Motivated by above observations, we propose a chain to chain approach to ZP resolution. After detecting all possible ZPs, we firstly cluster consecutive ZPs into coreferential chains and view each ZP coreferential chain as an unified anaphor. In this way, those ZPs far away from their overt antecedents can be bridged via other consecutive ZPs in the same coreferential chains. Then, we only consider those mentions in common NP coreferential chains as the antecedent candidates and resolve them on a chain to chain basis. In this way, singletons and negative instances (i.e., non-coreferent mentions) can be better pruned to reduce the search space and thus improve the performance effectively. Finally, we introduce a set of additional features from common NP and ZP coreferential chains to better represent ZPs and their antecedent candidates.
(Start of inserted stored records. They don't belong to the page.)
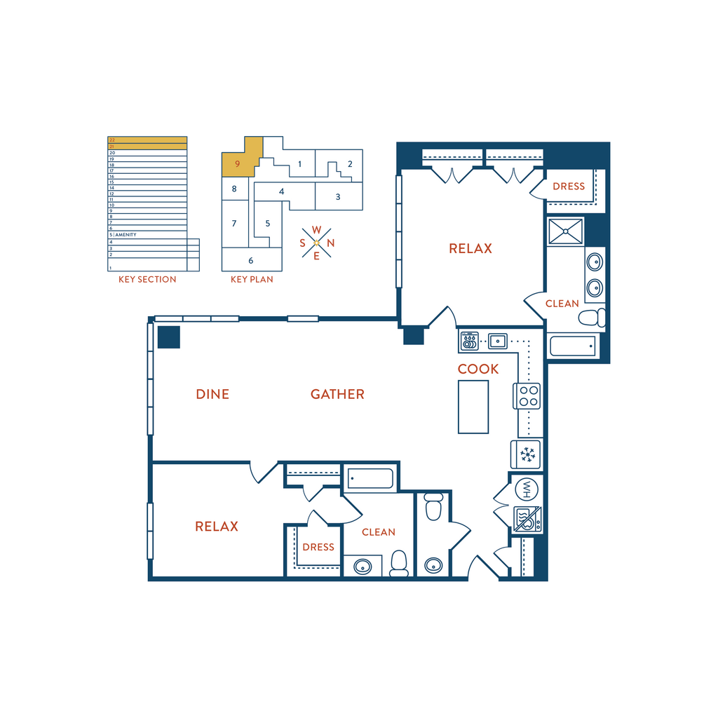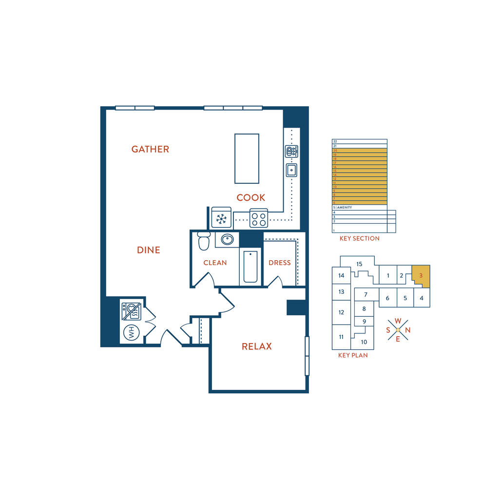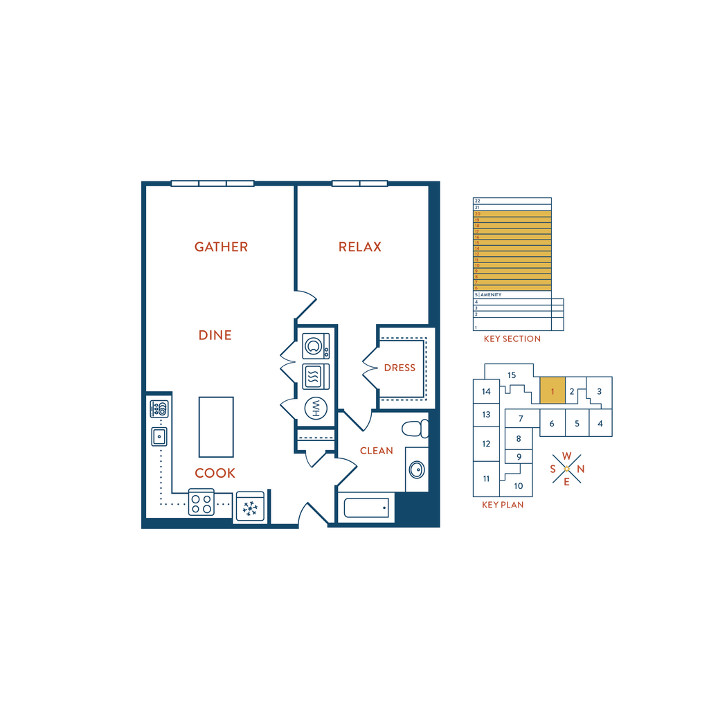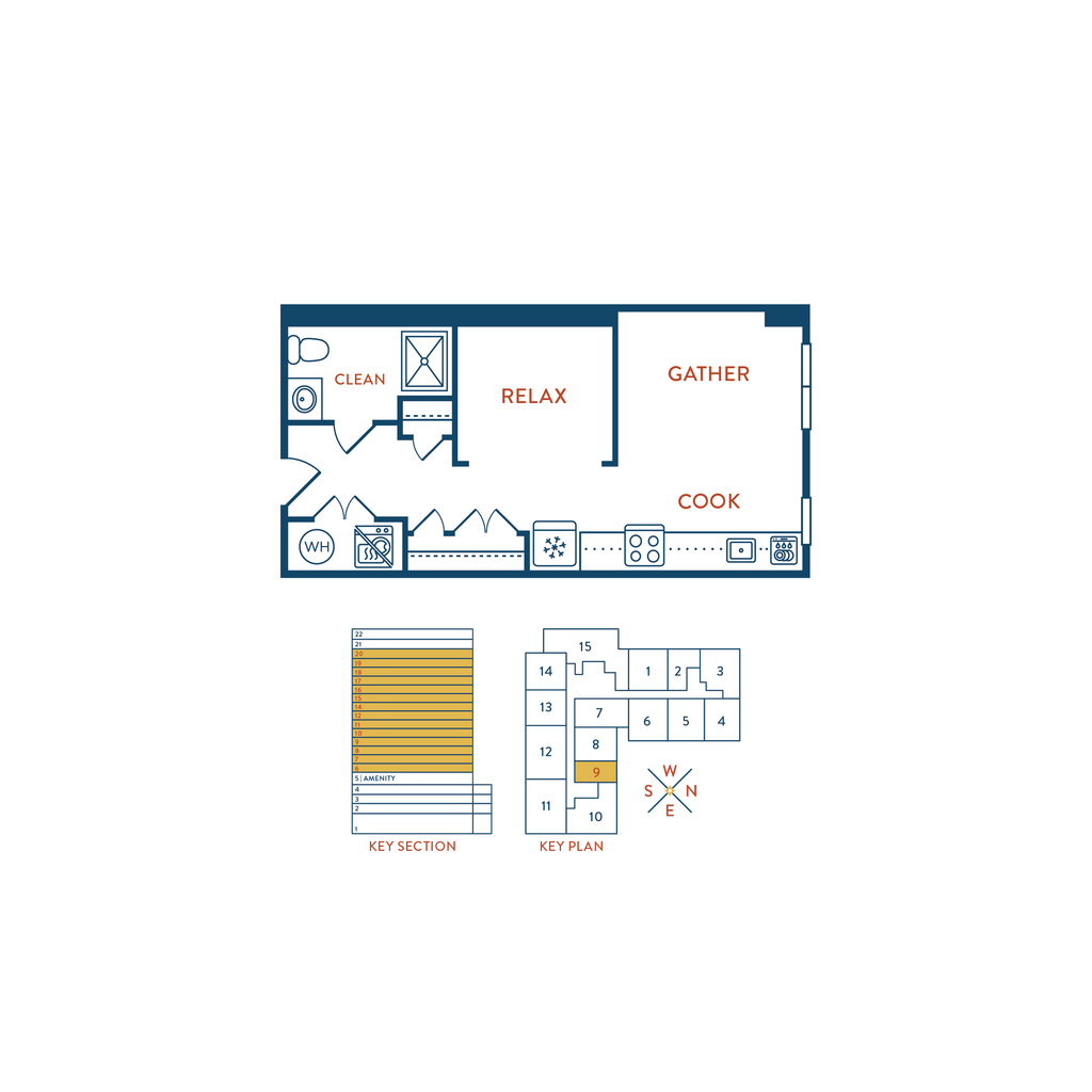 Modelo de apartamento: Unit 9Desde $2,529Estudio, 1 Baño, 477 sq ftDisponible Ahora![]()
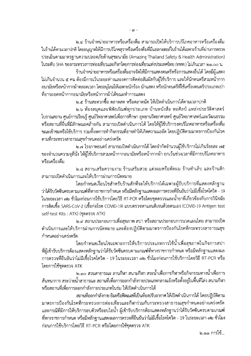สถานประกอบกิจการอาบน้ำ อบไอน้ำ อบสมุนไพร ผู้รับบริการต้องได้รับวัคซีนครบ หรือมีผลตรวจ RT-PCR หรือผล ATK ในระยะเวลา 72 ชม.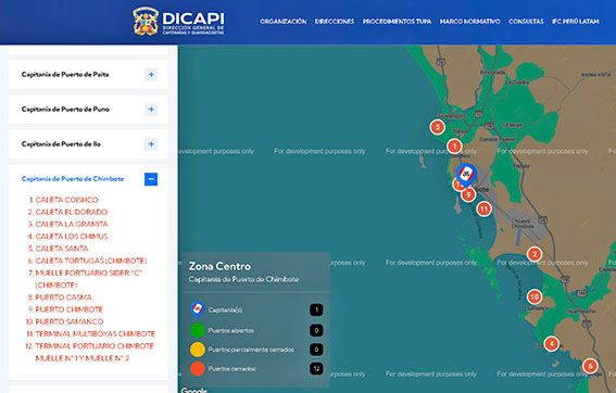 También están cerraos el Terminal Portuario de Chimbote, el muelle de Siderperú y el Terminal Multiboyas.
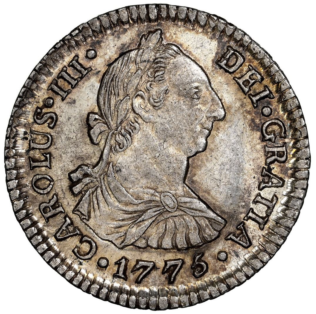 Potosi, Bolivia, bust 1 real, Charles III, 1775 JR, NGC MS 63+, finest known in NGC census. Janson-66.3.1; KM-53; Cal-716. Broad flan with full rims, gorgeous full luster, traces of rainbow toning around details, far and away the finest graded by NGC (next best being AU 58).
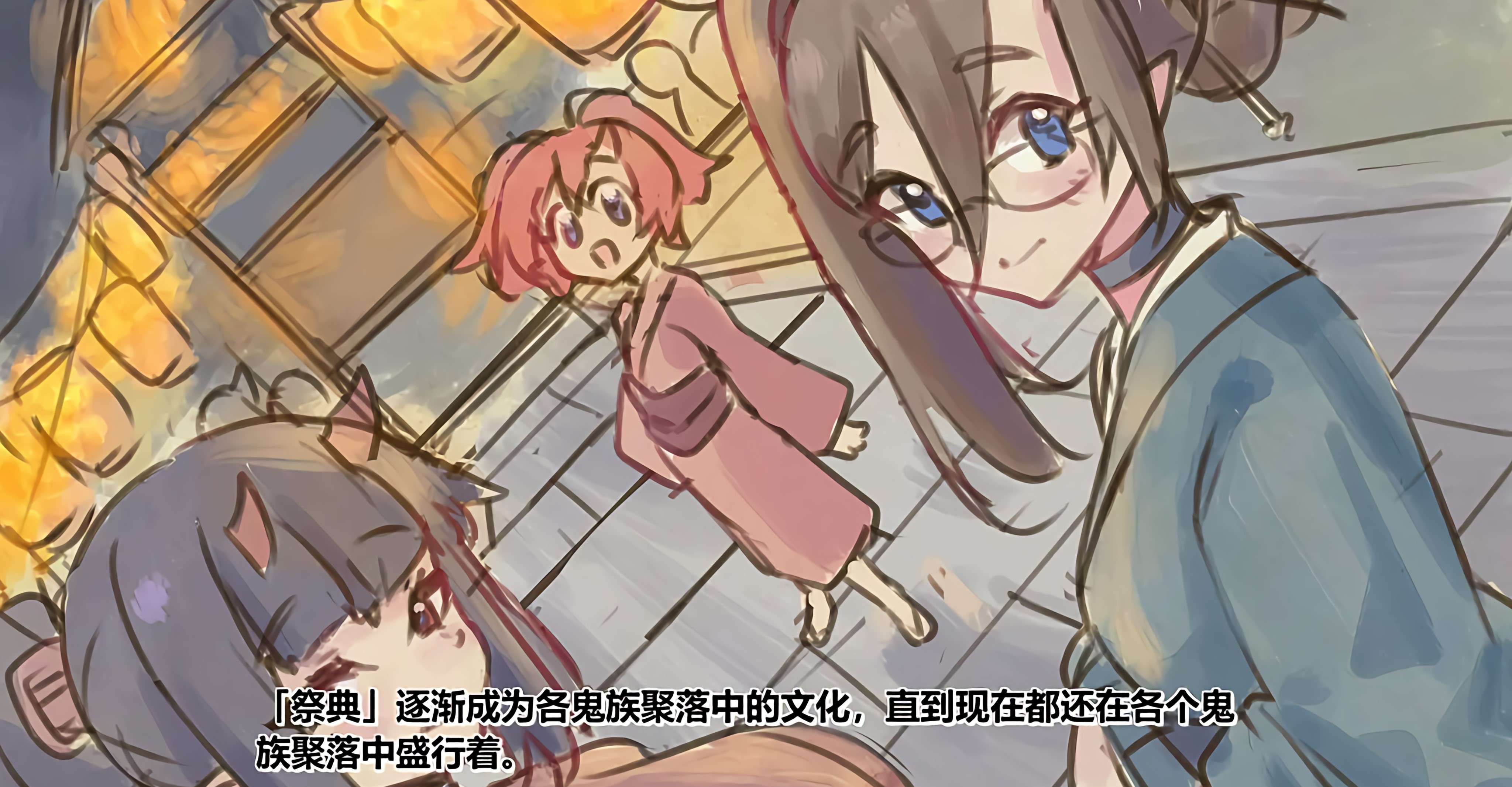 一些鬼族认为这将是再次与人类共存的机会,往后有男性人类成年时都会举行盛大的庆典,适龄的鬼族少女则会借此拉进和心仪男性的关系!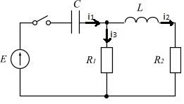 Переходной процесс в схеме начинается в момент включения ключа К. До этого момента времени все токи и напряжения равны нулю.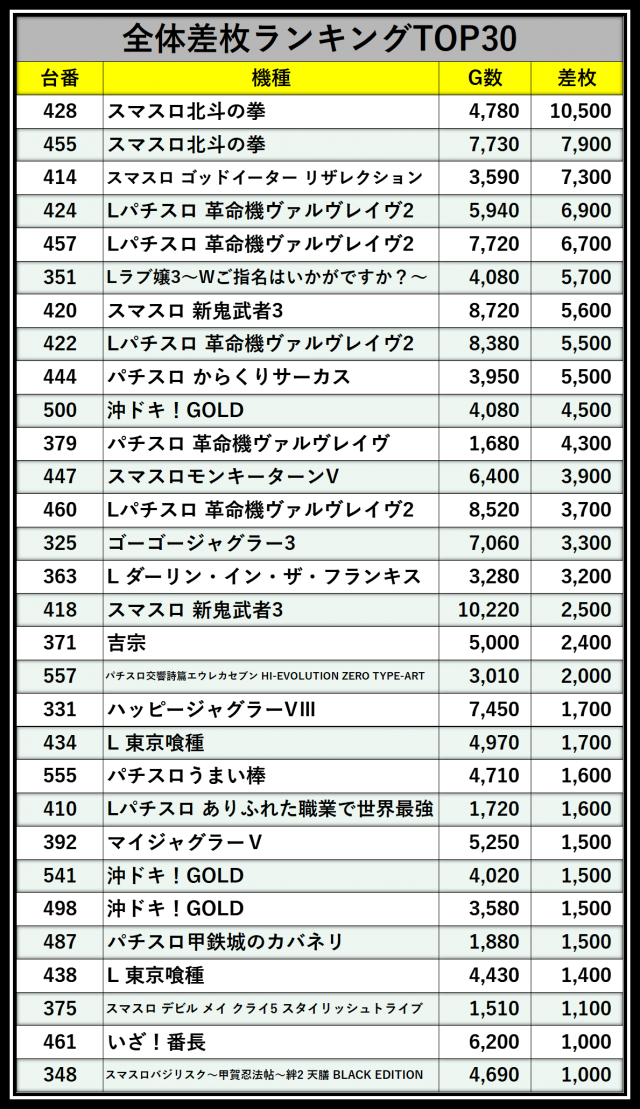 その結果の中から、ぱちタウンが注目すべきポイントを厳選してユーザーにお届け!プレイヤーが楽しんだ一日を下記データにて振り返ってみて欲しい。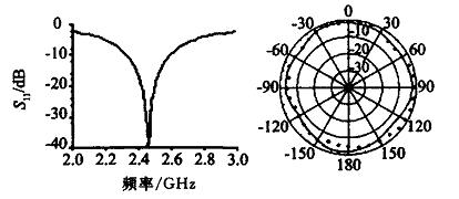 半波偶極子天線模型如圖4a所示.天線采用銅材料(電導(dǎo)率:5.8e7s/m,磁導(dǎo)率:1),位于充滿空氣的立方體中心.在立方體外表面設(shè)定輻射吸收邊界.輸入信號(hào)由天線中心處饋入,也就是RFID芯片的所在位置.對(duì)于2.45GHz的工作頻率其半波長(zhǎng)度約為61mm,設(shè)偶極子天線臂寬w為1mm,且無限薄,由于天線臂寬的影響,要求實(shí)際的半波偶極子天線長(zhǎng)度為57mm.在AnsoftHFSS工具平臺(tái)上,采用有限元算法對(duì)該天線進(jìn)行仿真,獲得的輸入回波損耗S11分布圖如圖5a所示,輻射場(chǎng)E面(即最大輻射方向和電場(chǎng)矢量所在的平面)方向圖如圖5b所示.天線輸入阻抗約為72Ω,電壓駐波比(VSWR)小于2.0時(shí)的阻抗帶寬為14.3%,天線增益為1.8.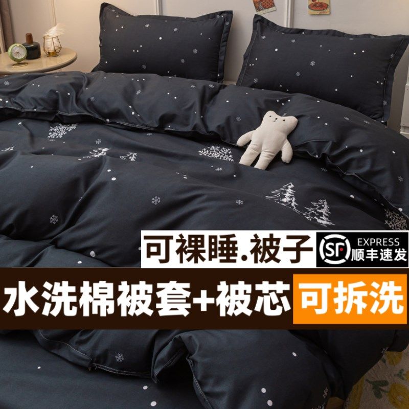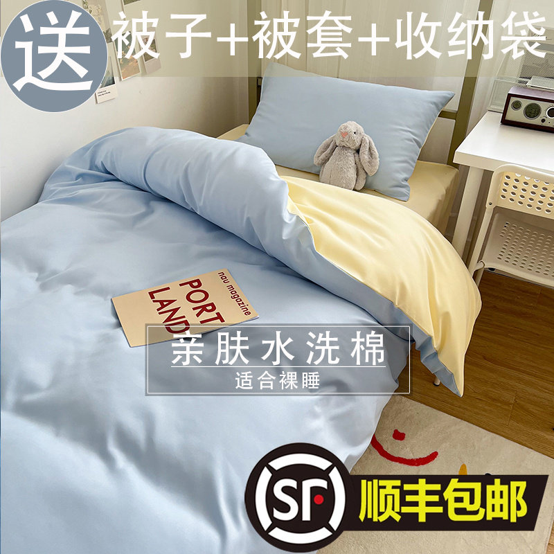 水洗棉被子被套全套两件套单人学生宿舍被芯被罩一整套可拆洗纯棉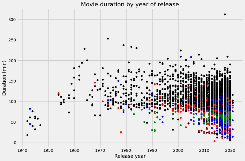 plt.scatter("release_year", "duration",data=netflix_movies_col_subset, c=colors)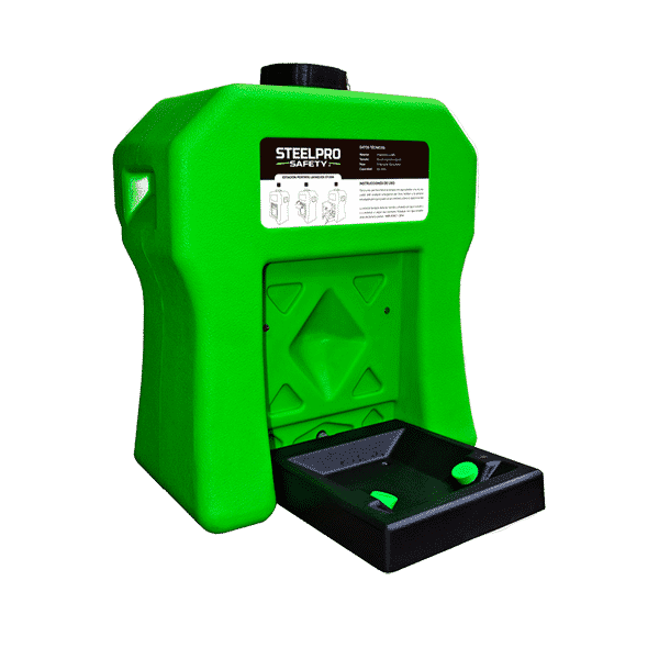 El lavaojos portátil Steelpro es un dispositivo diseñado para proporcionar una solución de emergencia en caso de exposición a sustancias peligrosas en los ojos. Este modelo está fabricado con polietileno de alta resistencia y tiene un distintivo color verde para facilitar su identificación.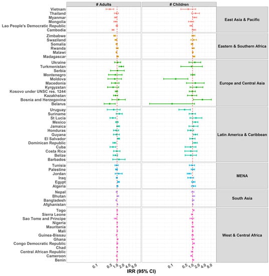 IRRs of predictors Adults and Children Living in the Household for Children under Five Years under the Supervision of Another Child Aged 10 Years or Younger. Due to problems of convergence, the following countries were excluded from some analyses: Barbados, with the variables number of adults, number of children, and number of girls living in the household; and Saint Lucia, with the variables number of children and number of girls living in the household.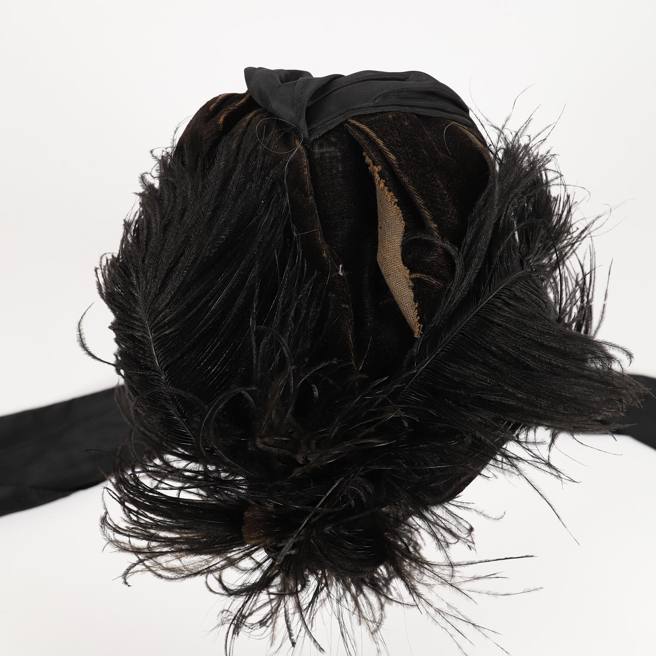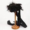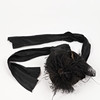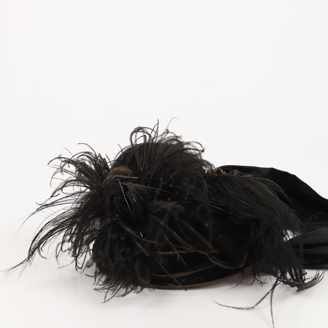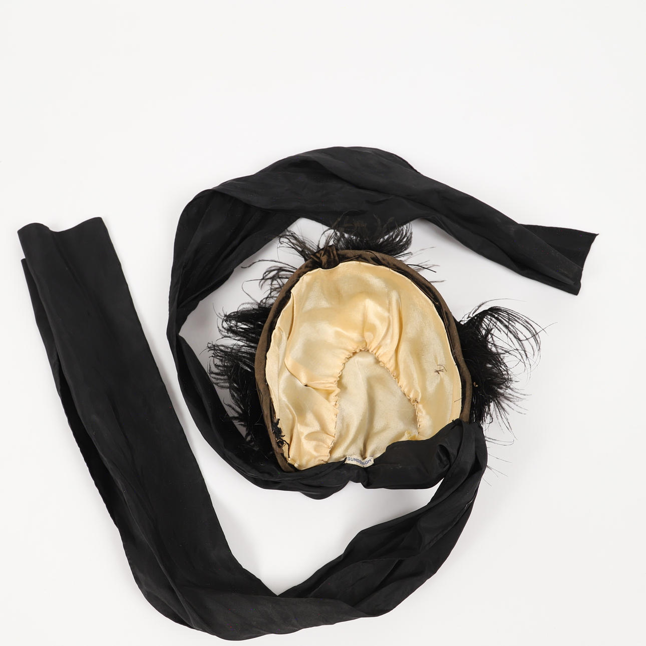 Hatt med knytband i textil, urnupet för hårknut i nacken, ca 20 x 19 cm, knytband längd ca 80, bredd 32 cm.

4 ZP Resolution: Chain to Chain Approach

Similar to previous studies on ZP resolution, our chain to chain approach contains two components, i.e., ZP detection and AZP resolution which combines anaphoricity determination and antecedent identification. For ZP detection, a clause-based approach is employed to generate ZP candidates [7]. Firstly, a simplified semantic role labeling (SRL) framework is adopted to determine clauses from a parse tree. ZP candidates are then generated for each clause in a bottom-up way. Particularly, for upper clauses, all the resolved sub-clauses are viewed as an inseparable “constituent”. After generating the ZP candidates, a learning-based classifier is adopted to identify whether a given candidate is a true ZP, with the help of following features.

  • Lexical: two words and their POSs before or after the given candidate, and their various combinations.

  • Syntactic: whether the lowest clause covering the given candidate has a subject; whether the given candidate is the first gap of the clause; whether the clause is a terminal clause or non-terminal clause; whether the clause has a sibling immediately to its left; whether the left siblings of the clause contain an NP; whether the clause has a sibling immediately to its right; whether the right siblings of the clause contain a VP; whether the syntactic category of the immediate parent of the clause is an IP or VP; whether the path from the clause to the root of the parse tree contains an NP or VP or CP; whether the clause is a matrix clause, an independent clause, a subordinate clause, or others.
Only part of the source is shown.